▸ TASK BRIEF
For the data below, retype word for word the lines from the one containing "2 Kings 19:26" through the one containing "朝の支度中でもじゃもじゃだけどカメラ向けるとピースしてくれるライオン獣人です。 It is"; drop the pictures.

▸ Items from a dataset
*** Block opens ***
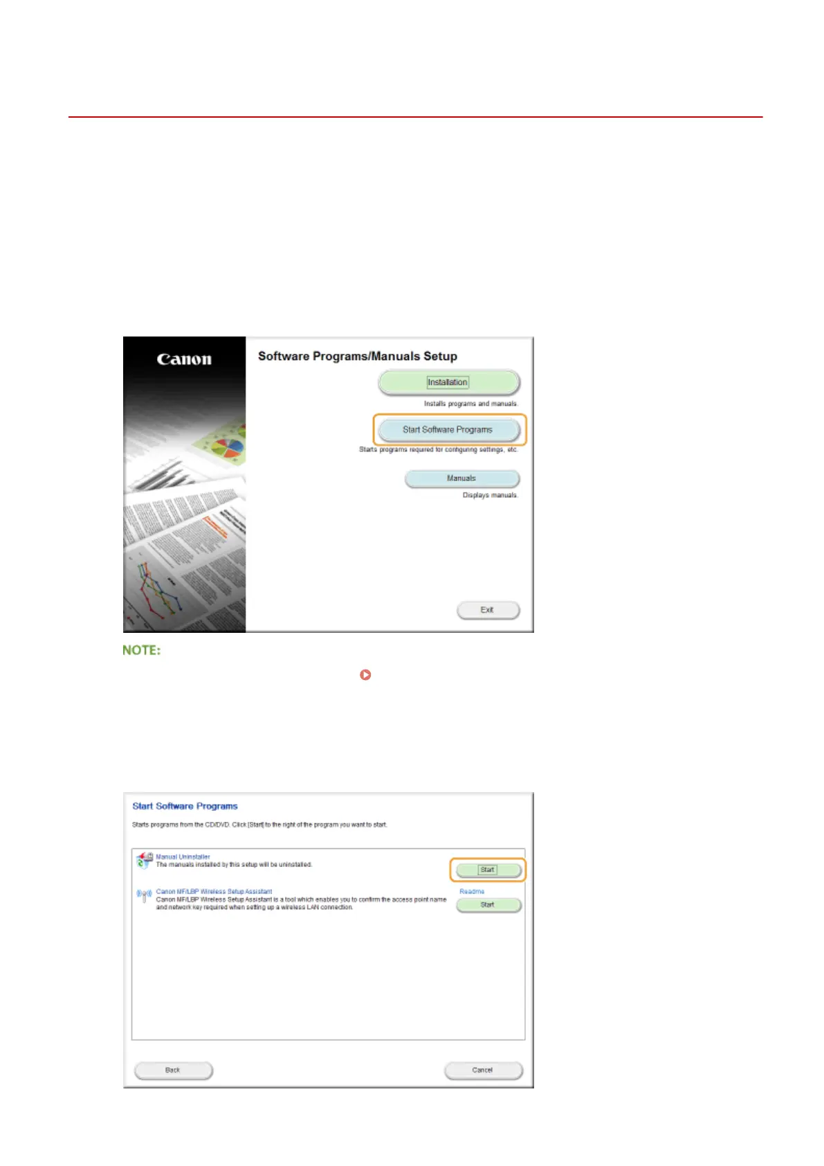 ● If the above screen is not displayed, see Displaying the [Software Programs/Manuals Setup]
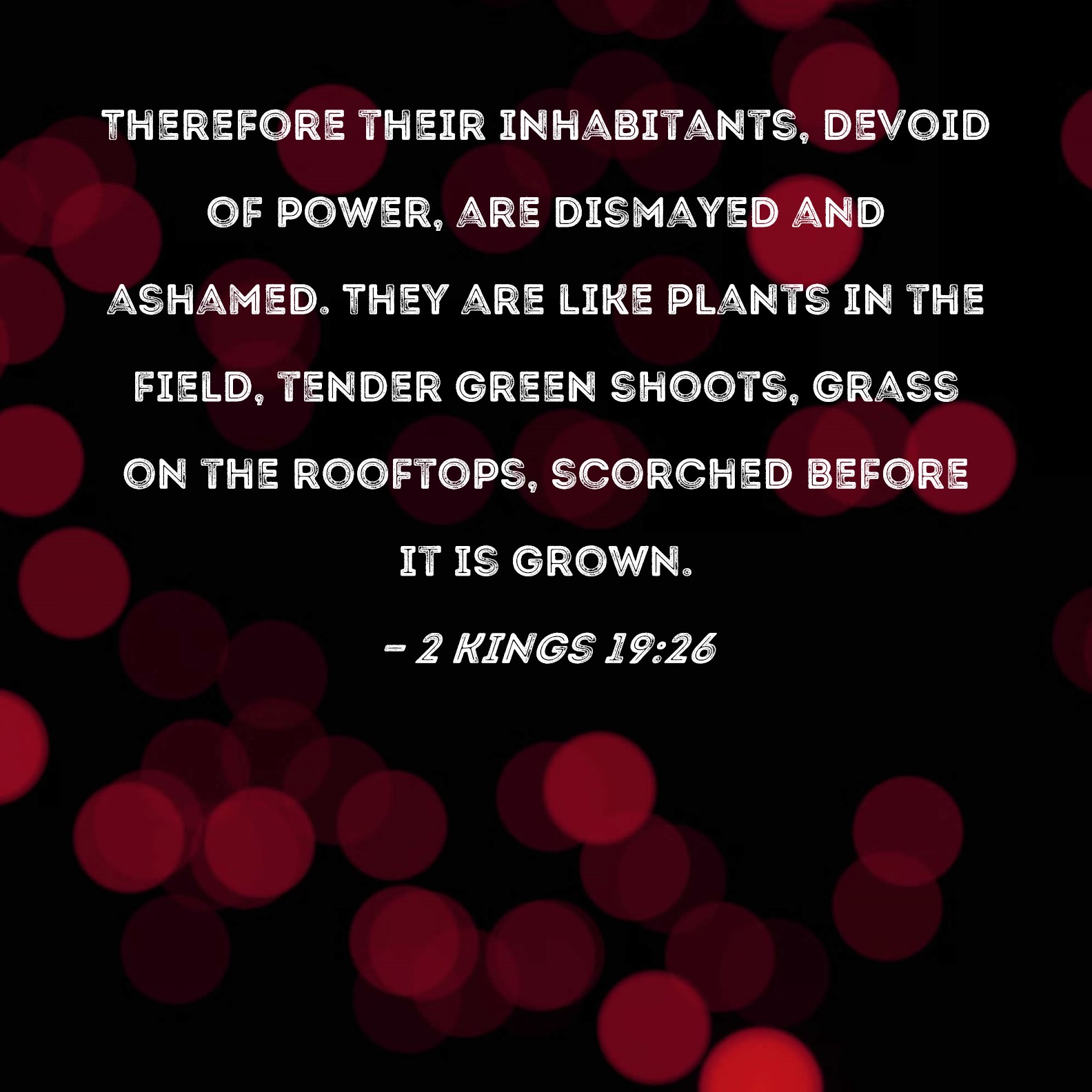 2 Kings 19:26 Therefore their inhabitants, devoid of power, are dismayed and ashamed. They are like plants in the field, tender green shoots, grass on the rooftops, scorched before it is grown.
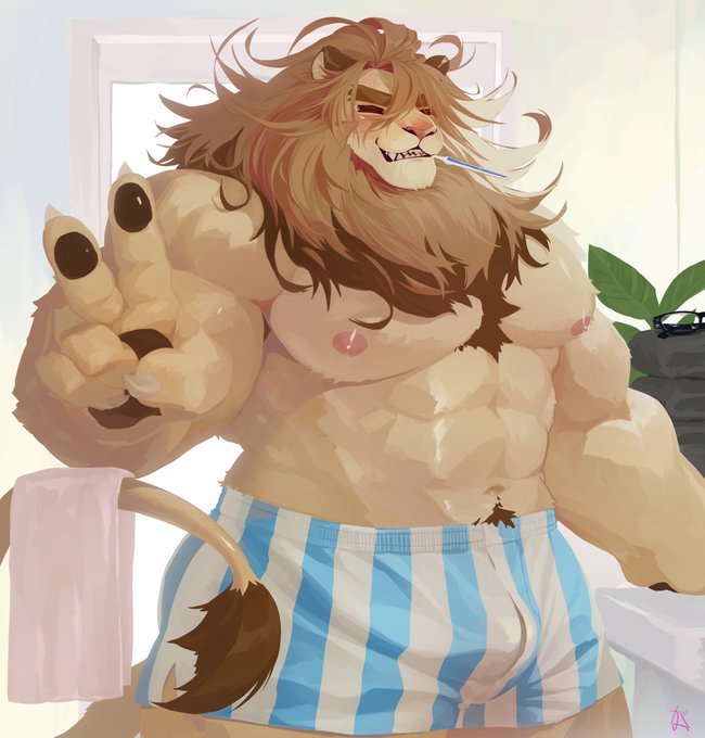 朝の支度中でもじゃもじゃだけどカメラ向けるとピースしてくれるライオン獣人です。 It is a lion beast man preparing for the morning.
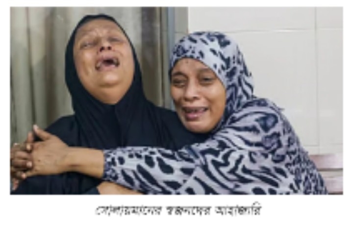 স্বামীর মরদেহ চট্টগ্রাম মেডিকেল কলেজ হাসপাতালের লাশঘরে!তখনও মরিয়ম আক্তার সাথীর বিশ্বাস হচ্ছিল না-আর কখনো ফিরবে না তার স্বামী। ফিরবে না তার তিন মাস বয়সী সন্তান আয়মানের বাবা। তাই লাশঘরের সামনেই তিনি আহাজারি করতে করতে বলছিলেন, ‘তোমার আয়মান আসছে কথা বলো, কথা বলো না কেন। ছেলের প্রথম ঈদে সাদা পাঞ্জাবি কিনলা। তুমি কেন পরপারে চইলা গেলা।’
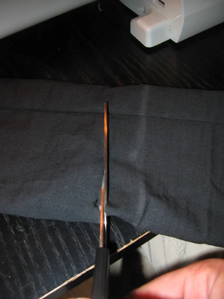 Cut the fabric tube at the zipper mark with a bit to spare for folding when sewing on the zipper.
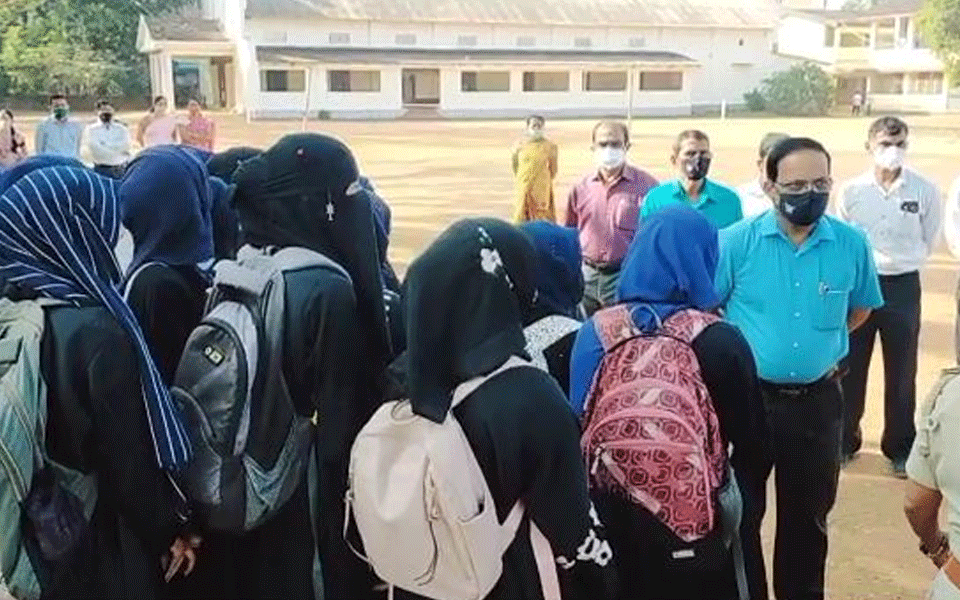 Udupi: Muslim girl students, who tried to enter a government pre-university college at Kundapur in Karnataka's Udupi district wearing hijabs (headscarves), were again denied entry to the premises by authorities on Friday, the third day since the issue surfaced in the institution.
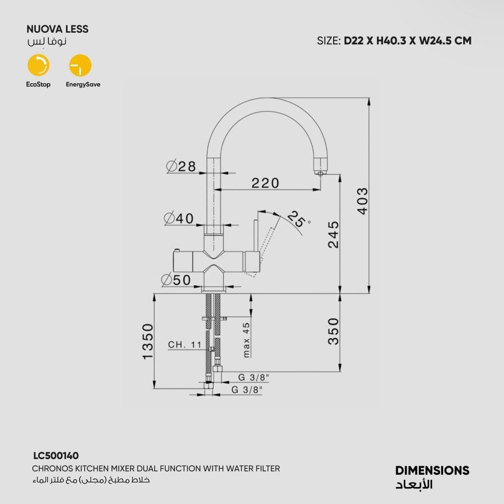 الابعاد: العمق 22 * الإرتفاع 40.3 سم
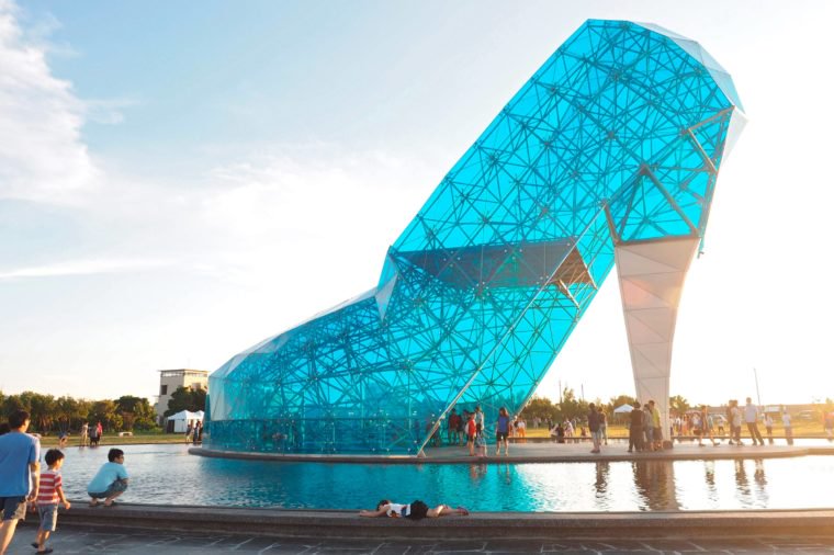Nếu một cô bé Lọ Lem khổng lồ đang đi tìm chiếc giầy thủy tinh, cô ấy sẽ tìm thấy nó ở Quận Chiaya của Đài Loan. Ở đó, một đôi giày cao tới hơn 16 m được làm bằng kính cường lực màu xanh đã được xây dựng vào năm 2016 như một nhà thờ. Đôi giầy quá khổ này là một địa điểm tổ chức đám cưới phổ biến ở Đài Loan.
*** Block closes ***
▸ COMPLETED EXERCISE
 2 Kings 19:26 Therefore their inhabitants, devoid of power, are dismayed and ashamed. They are like plants in the field, tender green shoots, grass on the rooftops, scorched before it is grown.
 朝の支度中でもじゃもじゃだけどカメラ向けるとピースしてくれるライオン獣人です。 It is a lion beast man preparing for the morning.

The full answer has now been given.